Case by Case, EU Judges Help Iran Go Nuclear

Recent court rulings are undermining Europe’s vital sanctions

Iran’s pursuit of nuclear weapons is entering a critical stage. However, the sanctions regime put in place by the European Union — until recently Iran’s biggest trading partner — along with the United States and other key western countries is greatly hampering the country’s efforts.

With what is at stake one would wish that even tougher sanctions were on their way. Instead, a string of recent rulings at the European Court of Justice has begun to undermine Europe’s elaborate architecture of sanctions against Iran and its agents.

It all started when Yassin Abdullah Kadi, a wealthy Saudi businessman who has been accused of being an al-Qaeda financier, challenged his designation at the Luxembourg-based court. Kadi was on a United Nations sanctions list and the EU had targeted him under a UN security council resolution. But Kadi challenged the EU decision and won.

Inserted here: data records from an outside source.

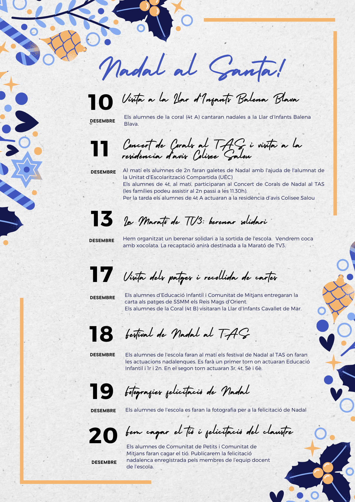 Adjuntem el programa d’activitats que portarem a terme per tal de celebrar el Nadal a l’escola.
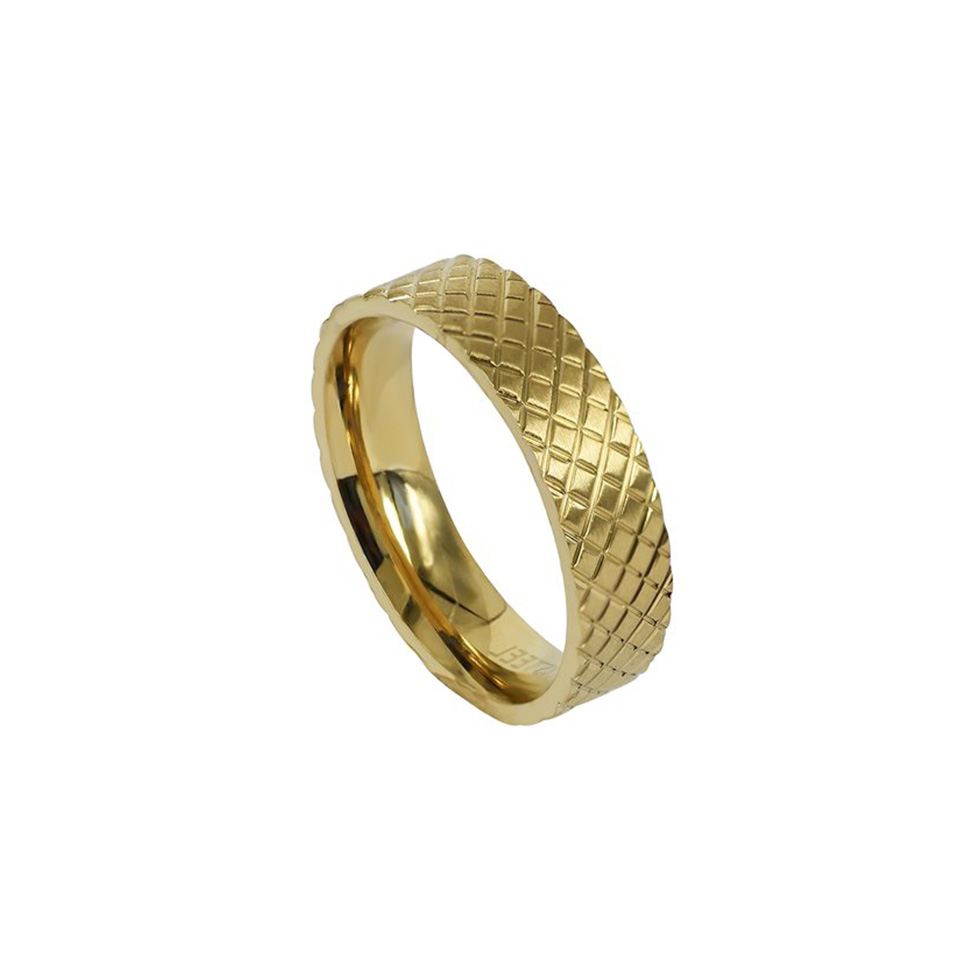 Ring tillverkad av stål och kan utan problem bäras dagligen, utan oro för slitage eller missfärgning. Ringen har en matt finish och texturerade detaljer.
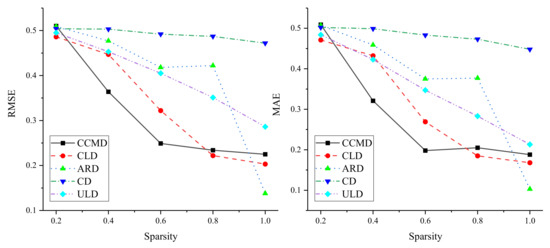 In order to verify the applicability of the method, sparsity was experimentally analyzed on five different datasets. The influence of link sparsity on DLP performance was investigated by randomly retaining linked 0.2, 0.4, 0.6, 0.8, and 1.0 in the original dataset. Results are shown in Figure 3. On the five datasets, experiments showed that the performance of DLP improved with increasing sparsity, indicating that the method relies on dense bipartite networks. At the same time, on CCMD and CLD, and decrease rapidly on the basis of the increase in links. When sparsity reached 0.8, as it increased, although the performance of the method improved, and gently decreased. On CD and ULD, the and of DLP showed a steadily decreasing trend, which indicated that the sparsity of these two datasets more smoothly impacted DLP performance. In addition, on ARD, DLP performance showed fluctuating improvement based on the increase in links. When sparsity increased from 0.8 to 1.0, the performance of DLP suddenly improved, which indicated that DLP is more affected by sparsity on ARD, that is, the denser the edges in the bipartite network are, the better the performance of DLP is.
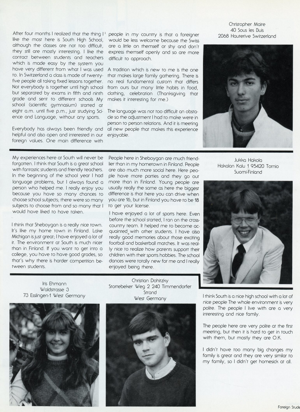1985 Sheboygan South High School Yearbook Page 83: Christopher Maire, Jukka Hakola, Iris Ehmann, Christian Dohitzky.
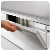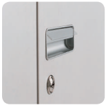The lower drawers of the combination unit can be locked safely and neatly from the shelf compartment above. Operation is neat and safe.
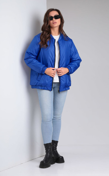 Куртка “бомбер” утепленная (микрофайбер 150гр/м2) на подкладке свободного кроя с воротником стойкой. Застежка центральная на молнию. Спинка с кокеткой. Рукав втачной, одно шовный, низ рукава с притачной манжетой на резинке. По переду прорезные карманы с листочкой. Низ куртки с притачной манжетой со сборкой на эластичную ленту. Рассчитано на температурный режим до -5 (указанная температура комфорта может зависеть от индивидуальной восприимчивости к холоду). На модели “бомбер” 46 размера (параметры модели ОГ-90см ОТ-71см ОБ-102см рост -173см)
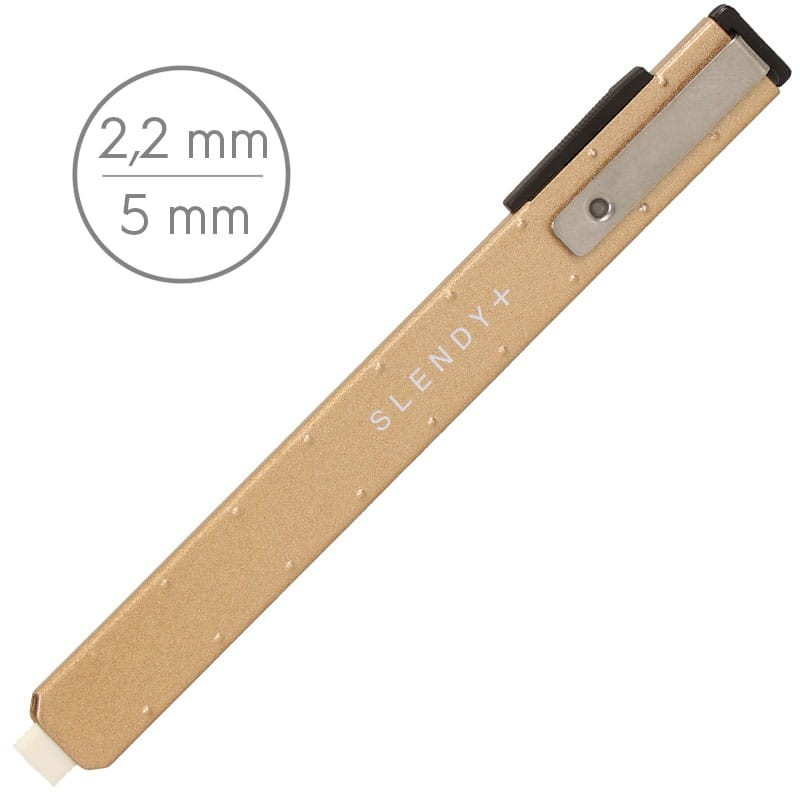 Wygodna w obsłudze gumka automatyczna z wymiennym wkładem i cienką, prostokątną końcówką o wymiarach 2,2 x 6 mm. Idealna do precyzyjnego i dokładnego ścierania, korygowania detali. Wkłady posiadają ząbkowane boki, dzięki czemu nie przesuwają się w obudowie. Smukła, metalowa obudowa dostępna w kilku kolorach. Lekka i wytrzymała. Gumka zarówno dla profesjonalistów, jak i hobbystów.
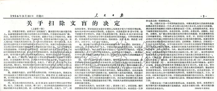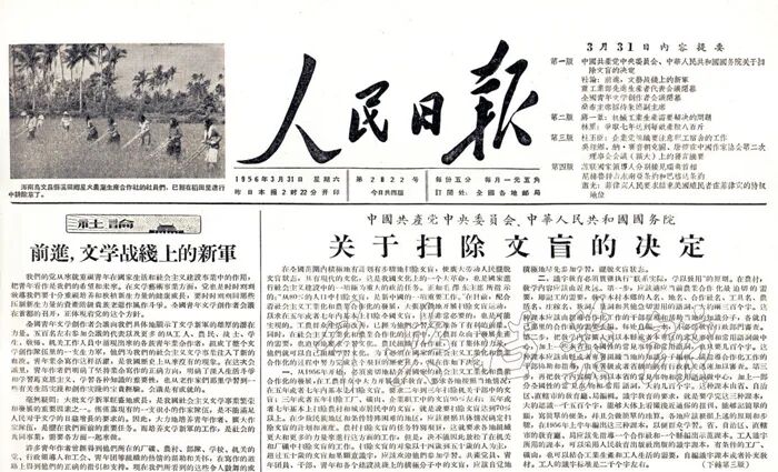 1956年3月31日,《人民日报》刊登的《关于扫除文盲的决定》。 中央档案馆藏

The court adjudicated in his favour because there was no “real guarantee being given as to the disclosure of the evidence used against [him]”. The court also cited “the lack of any proper access to the information and evidence used against him”, indicating that “the rights of the defence were not observed”.

Kadi has since been delisted by both the EU and the UN sanctions committee — but the US sanctions remain, as US courts concluded that submitted records, classified and unclassified, justified keeping Kadi as a “specially designated global terrorist”.

Part of the reason for this discrepancy may derive from different judicial approaches to evidence. In America it is acceptable that classified evidence be withheld from the defence. Governments, after all, wish to protect their intelligence sources — often human assets who gather such information at great personal risk. Revealing such evidence to the other side may cost them their lives.

Europe’s most senior jurists appear to have little memory of wars and enemies, however — which is probably why, for them, transparency trumps national security concerns.

Iran’s lawyers took note of the outcome of the Kadi case and saw an opportunity to fight back against Europe’s sanctions on Tehran’s nuclear programme. Almost every sanctioned Iranian company or individual is suing the EU — and some of them are winning.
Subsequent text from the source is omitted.